Acro Yoga finds a community in Madison

The Madison Acro Yoga community provides a space for those interested in the art of acro yoga, the combination of acrobatics and yoga.
A group of five people practice acrobatics and yoga outside by the Memorial Union.
Photo by Richard Barker
The Madison Acro Yoga community encourages anyone interested in the art to give it a try.

While you’ve probably heard of yoga and of acrobatics, you may be unfamiliar with acro yoga. The practice combines acrobatics and yoga to create a peaceful, flowing atmosphere that is present in both the exercises done but also the community that is built up around it.  

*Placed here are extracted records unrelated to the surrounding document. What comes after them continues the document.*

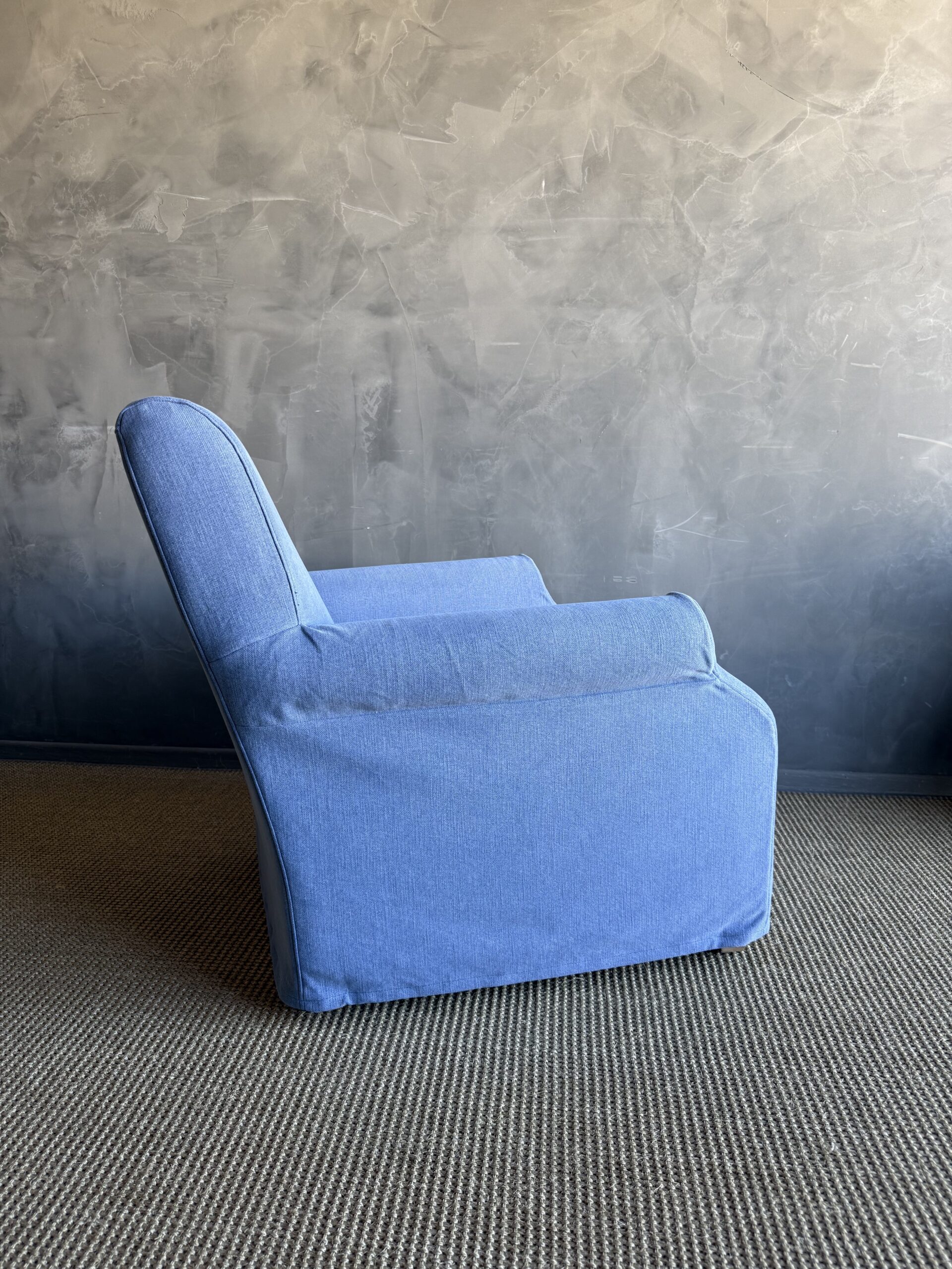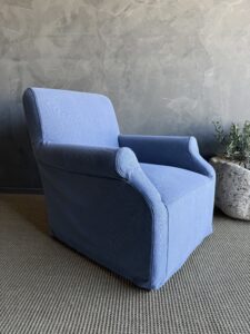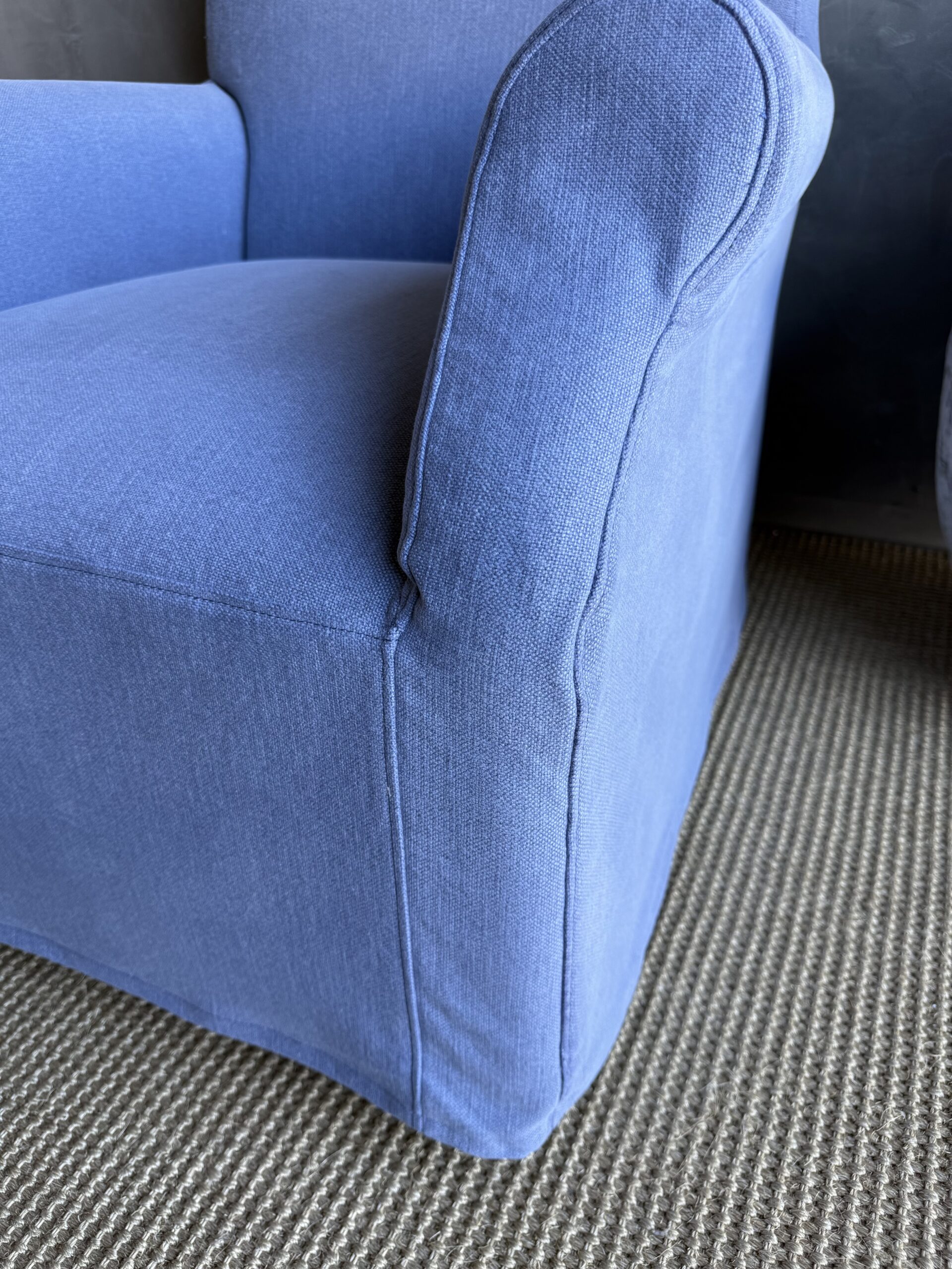 This is a slip cover only for the Ans Belgian Club Chair / French Blue
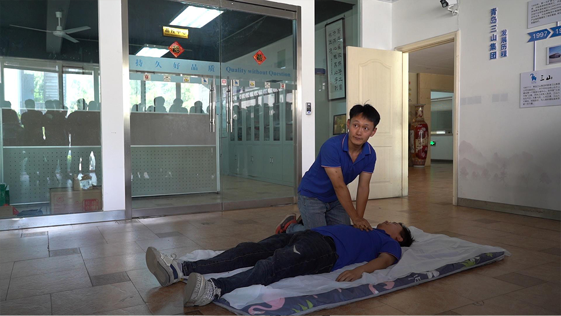 心肺复苏的及时施行可以挽救生命,降低发病者的死亡率,应该是每个人都掌握的一项必备技能。于皓阳通过对“模拟人”实施心肺复苏抢救,为员工演示操作要点,包括判断是否丧失意识、判断有无自主呼吸、判断有无脉搏、进行胸外心脏按压、清理口腔异物、开放气道、人工呼吸等环节。
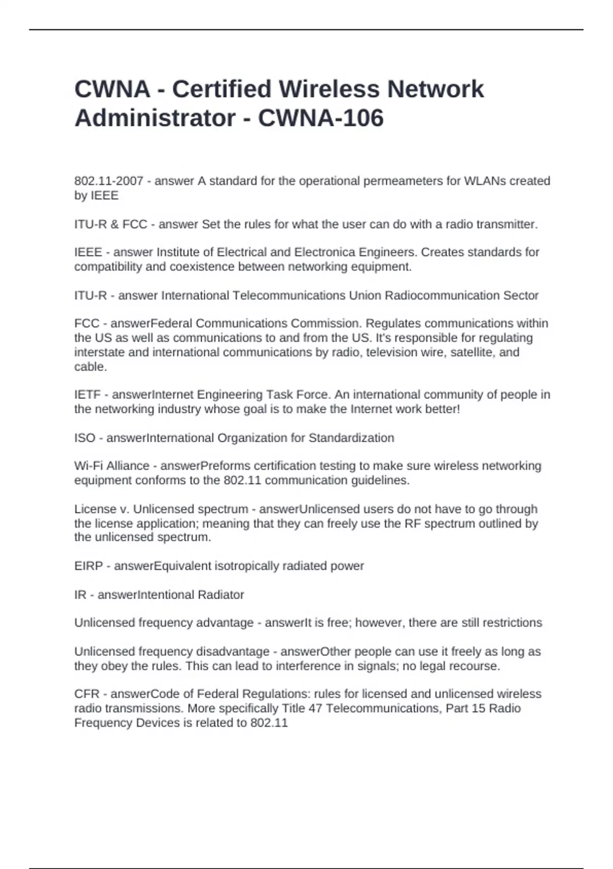 CWNA Chapter 1 Questions and Answers Correct
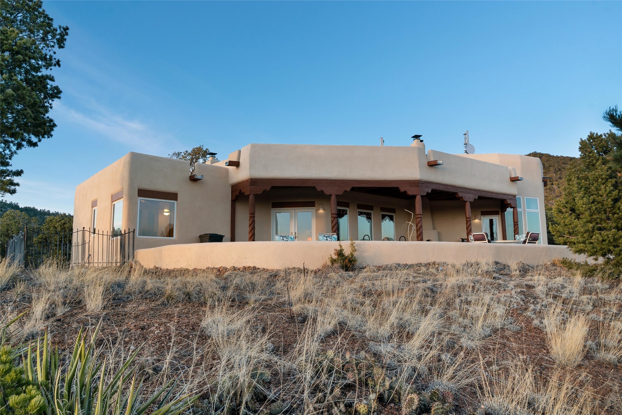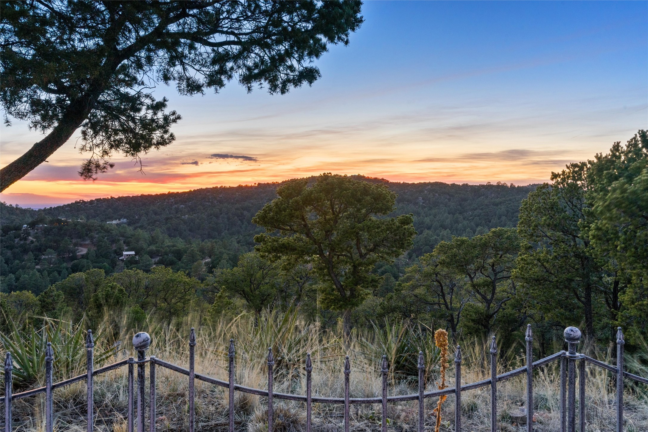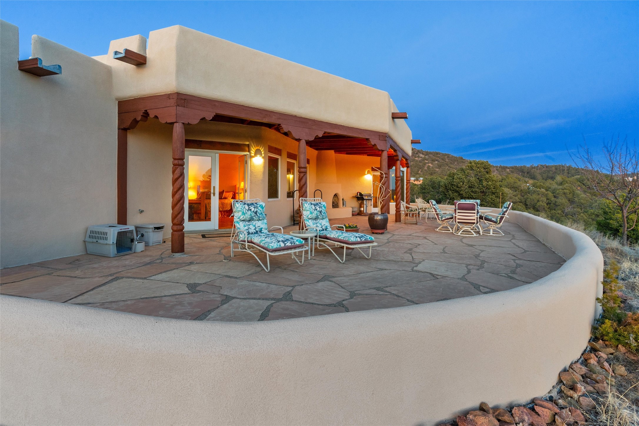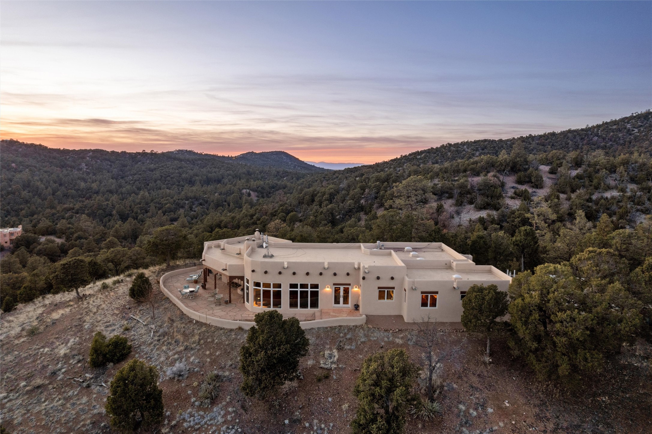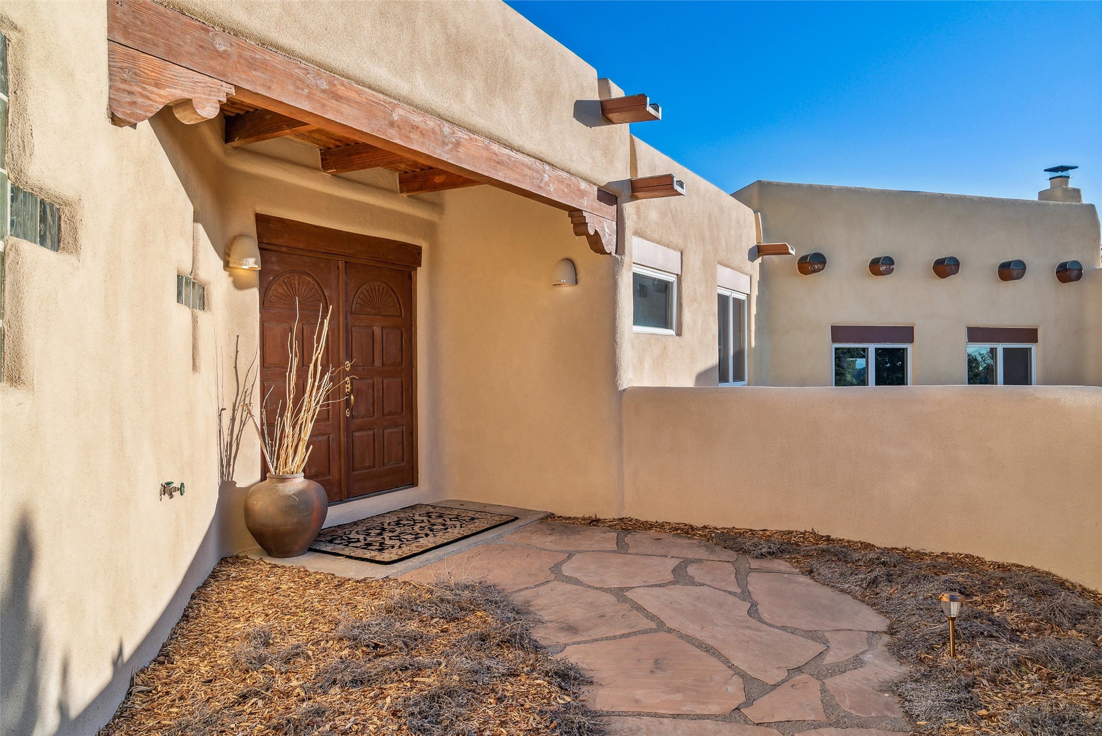 With Breathtaking Views, and Peace and Quiet inside and out, you may never want to leave your Mountain Paradise in this Old Santa Fe Trail neighborhood! As you step inside, you'll be greeted by a Wall of Windows beckoning you out to the Grand Patio that extends across the home. But wait! The Warm Glow of the Viga & Latilla ceilings, and the lavish, recently refinished Diamond Plaster walls, and Banco Seating encourage you to cocoon inside. Here, the open floor plan is perfect for entertaining guests, relaxing with family, or in the solitude of your retreat.The four Spacious Bedrooms present a host of possibilities. The Primary Suite is in its own wing, and features your personal Jetted Spa Tub that looks out onto Forever. The smart design anticipated the possibility of a Guest Wing or Attached Casita at the other side of the home. Here, two rooms share a bathroom. Yes, both could be bedrooms, or, add a kitchenette, small table, and sofa to the room currently featured as an office and it is Private Living Space. A Private Courtyard with a Separate Entrance off that side of the home is the perfect spot to enjoy morning coffee or unwind after a long day. Your guests, mom, or kids may never want to leave! In fact, you may want to build them a separate casita of their own, and plans were made for that too. This home is truly a masterpiece, with every detail carefully crafted to create a luxurious AND comfortable living space. Escape to Home. And if you do decide to venture off Mountain, it's just 10 minutes from two iconic Santa Fe restaurants, and a short drive to the Santa Fe Plaza!
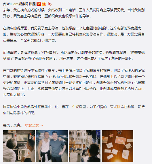 新京报讯 6月24日,陈伟霆在微博发文并晒出片场照,透露他和王千源主演的电影《暴风》杀青。陈伟霆在文中透露跟陈嘉上导演合作很激动,还提到自己为了诠释好角色晒黑的经历。陈伟霆表示:“陈家栋这个角色就像处在暴风中。他一直在一个漩涡里,为了相信的一束光拼命往前跑,期待你们与陈家栋的相见。”
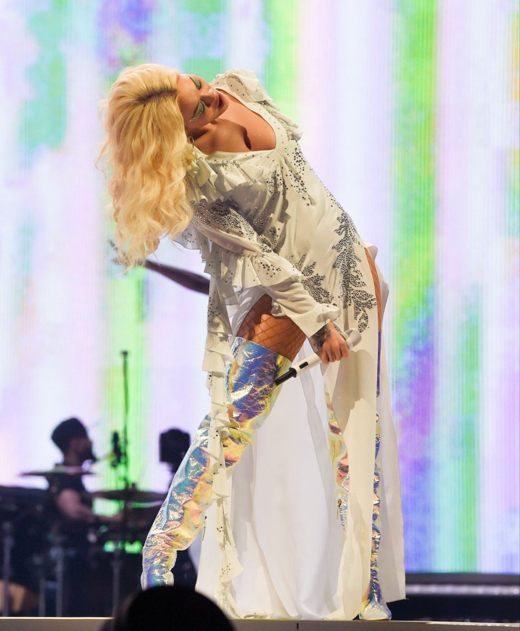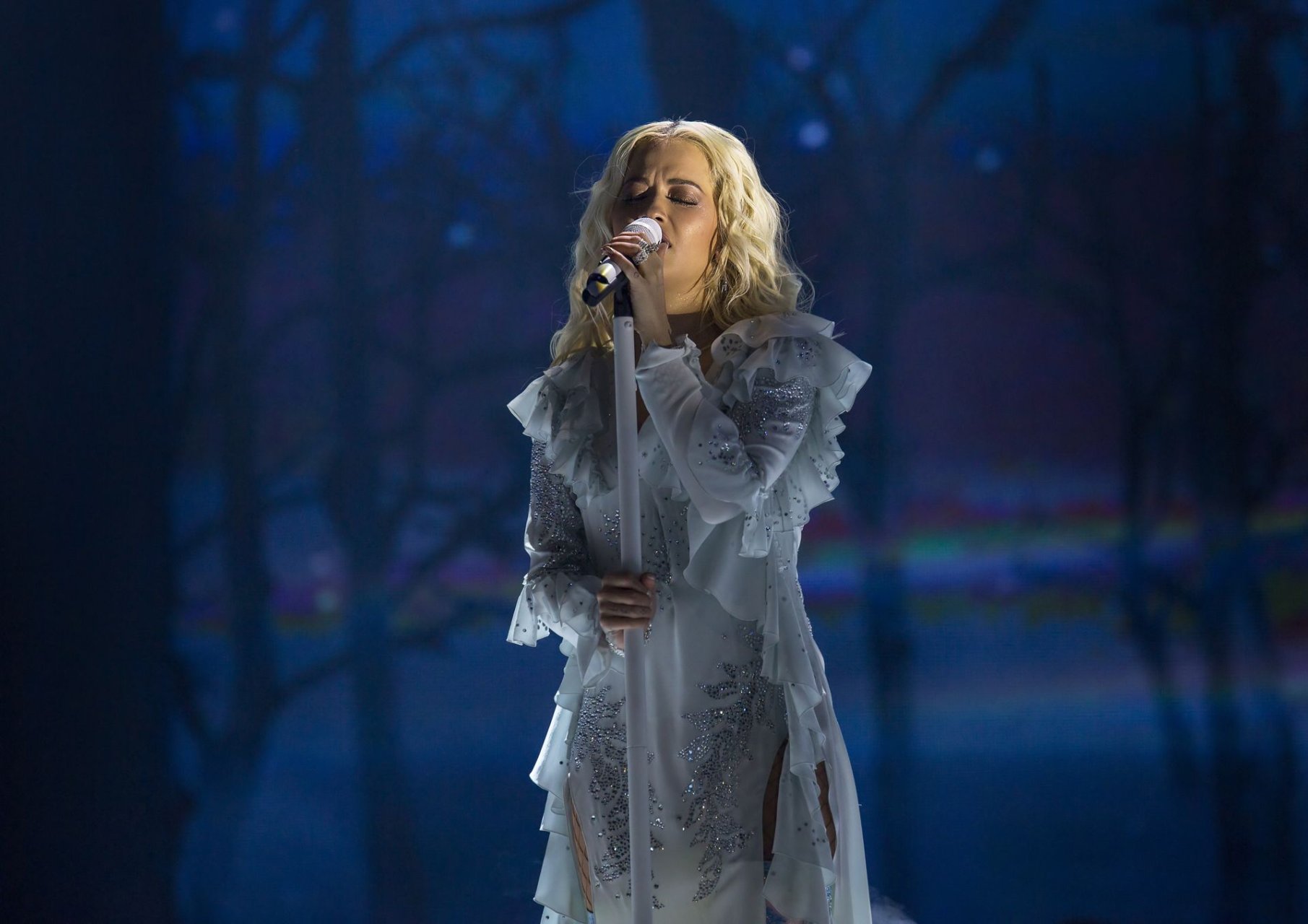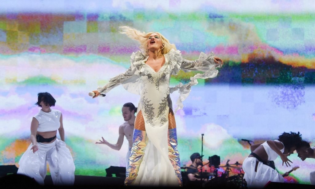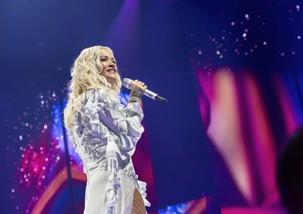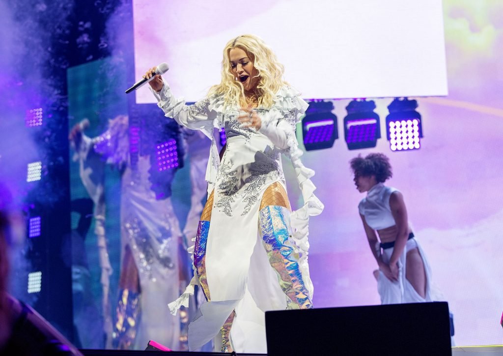 Singer Rita Ora è stata fotografata sul palco durante un concerto live alla Liverpool M & S Bank Arena di Liverpool, 28/05/2019.

In Madison, there’s a Madison Acro community cultivated through the Madison Acro Facebook page, created by Richard Baker to find a group of people interested in this specific art form.

This form of relaxation is best practiced as a group, so the more the merrier,” says Barker. “It creates positive feedback loops so the more you play together the better everyone gets at flying.”  

As of now, the Madison Acro Facebook page has more than 650 members. Erin Rhoads, who moderates the page, has been a part of the community for about five years.  

Her first introduction was through a “jam” on the square, an informal meet-up. Rhoades shares that many people learn through jams, but some people will go to classes or conventions across the country and share the knowledge with the group later on.  

“It’s an extremely welcoming group of people,” says Rhoads. The group meets through new jams or see if anyone wants to “play.” In acro yoga, the verb “play” is used to signal people interested in getting together to do acro yoga. “It’s very common for giggle fits and it’s a joyful activity,” says Rhoads.  

Acro yoga in Madison is focused on providing a space for those interested to practice the art. Rhoads says that like most hobbies, you make “great friends” and people “learn a lot about each other, themselves and how they work with people.” Similar to other forms of yoga and acrobatics, people also gain body awareness and can practice motor skills.  

“My personal favorite things about acro yoga are: the absolutely delightful humans I meet, learning about how bodies work and the strong statement that it’s play,” says Rhoads.  

The participants gather throughout the year, and weather permitting they practice outside and tend to meet more frequently in warmer months. During the winter, most of the jams are held at Madison Circus Space. Rhoads shares that most acro yoga communities are unstructured.

“My only goal is to help more people get to experience it, as currently it’s a hobby or pass time that is often seen off as being on the fringe of society much like yoga as a couple of decades ago,” says Barker.